West Texas Intermediate was down 2.1% to $33.69 a barrel and Brent crude was 1% lower at $36.45.

“Whilst overall sentiment has turned positive, not everybody is convinced fully yet that this move isn't a bull-trap. Besides relatively low trading volumes much of the move of the past couple of days is based on the assumption that major central banks will successfully stabilise global growth and that the US economy won't be going into a recession,” said Markus Huber, senior analyst at Peregrine & Black.

“Because of the move being mostly based on assumptions and speculations so far and less so on hard facts it wouldn't take much to derail the current rally.”

In corporate news, Old Mutual rallied following well-received 2015 results for its South African banking subsidiary Nedbank.

Broadcaster ITV was weaker. Although the company posted a rise in profit and revenue for 2015 and announced a special dividend, analysts noted concerns about the outlook for advertising revenue.

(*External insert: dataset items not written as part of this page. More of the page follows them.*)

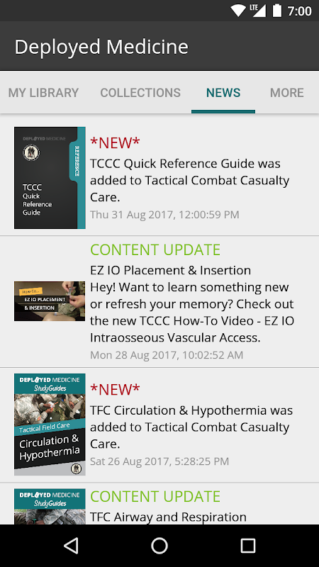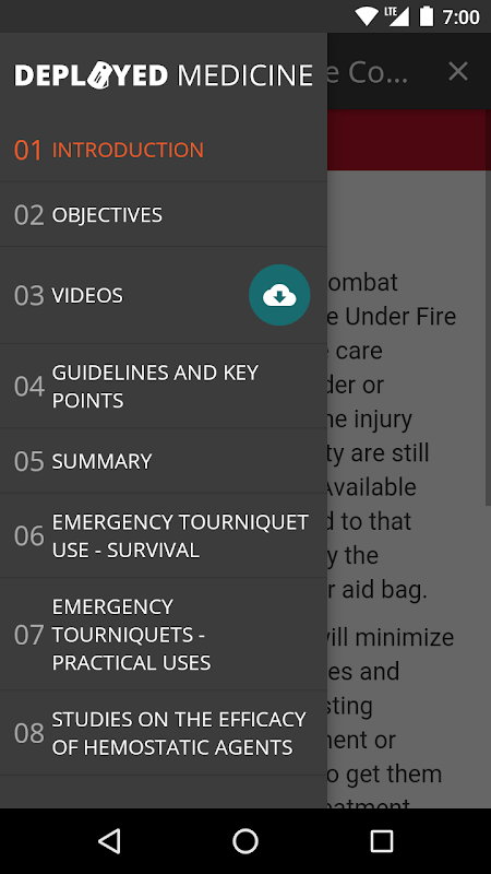 The medical content currently focuses on tactical combat casualty care (TCCC) training for combat medical personnel, and includes topics, such as hemorrhage control, airway management, hypothermia, pain control and care of wounds and splinting etc. TCCC focuses of providing the information you need to know to assess, treat and stabilize a patient at the point of injury.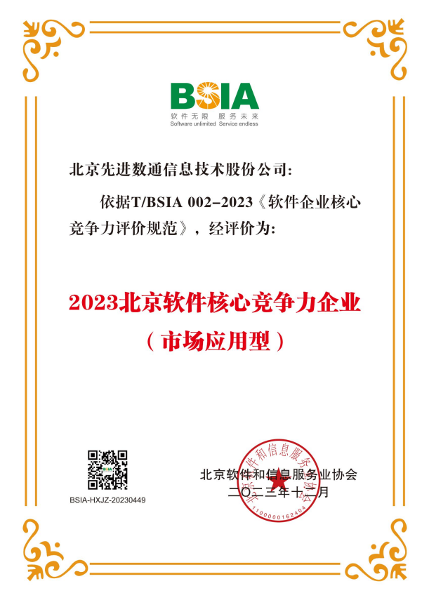凯发K8荣获“2023北京软件核心竞争力企业”荣誉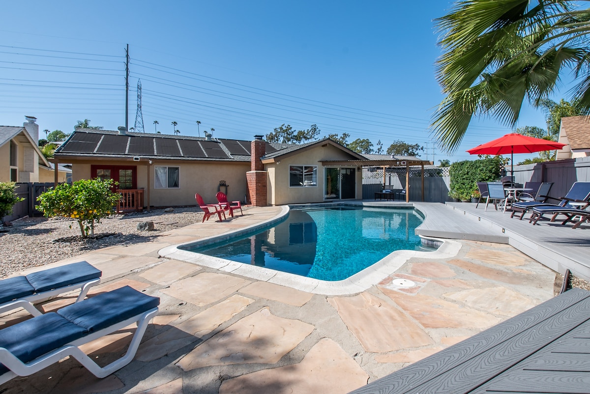 Beautiful family vacation retreat! Amazing backyard includes your own private heated pool, a spacious deck for relaxing with lounge chairs, dining spaces, and fire table. Fenced for privacy. Inside enjoy the game room and arcade, smart TVs located throughout the house, and air conditioning. Strong Wi-Fi signal, including the outdoor deck area. Amazing location close to all SD has to offer: within 20 minutes of the zoo, beaches, Sea World, downtown, and the airport! Private parking.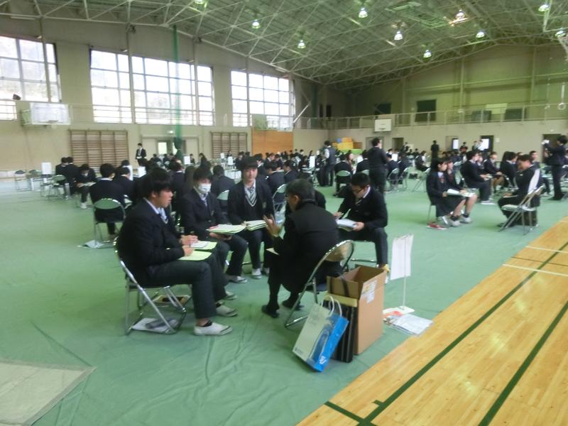 大学短大・専門学校進学,民間・公務員就職の分野に分かれ行われました。講師となった3年生と卒業生は「合格」を勝ち取るまでの苦労話や,「受験時の心得」等を後輩たちに熱心に話をしてくれました。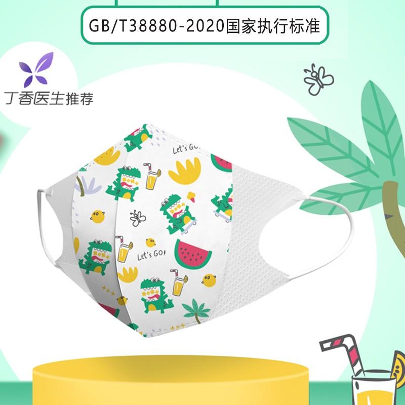 DeRU丹之荣三层立体儿童口罩0-3岁男宝宝绿西瓜恐龙(6枚)

Swedish medical technology company Elekta tumbled after its third quarter earnings missed analysts’ expectations, while Luxottica Group fell after the eyewear maker downgraded its outlook.

Intertek shares slid as the inspection, product testing and certification group said it swung to a loss in 2015.

Still to come on the data front, investors will eye the release of the US ADP employment report at 1315 GMT.

Societe Generale expects the report, which is widely seen as a pre-cursor to Friday’s non-farm payrolls, to show a solid increase of 225,000 private workers in February.

“Though this series has not had the best track record in predicting the Bureau of Labor Statistics’ private payroll series, it should be consistent with our estimate of an increase of 230K private payrolls for Friday’s print," it said.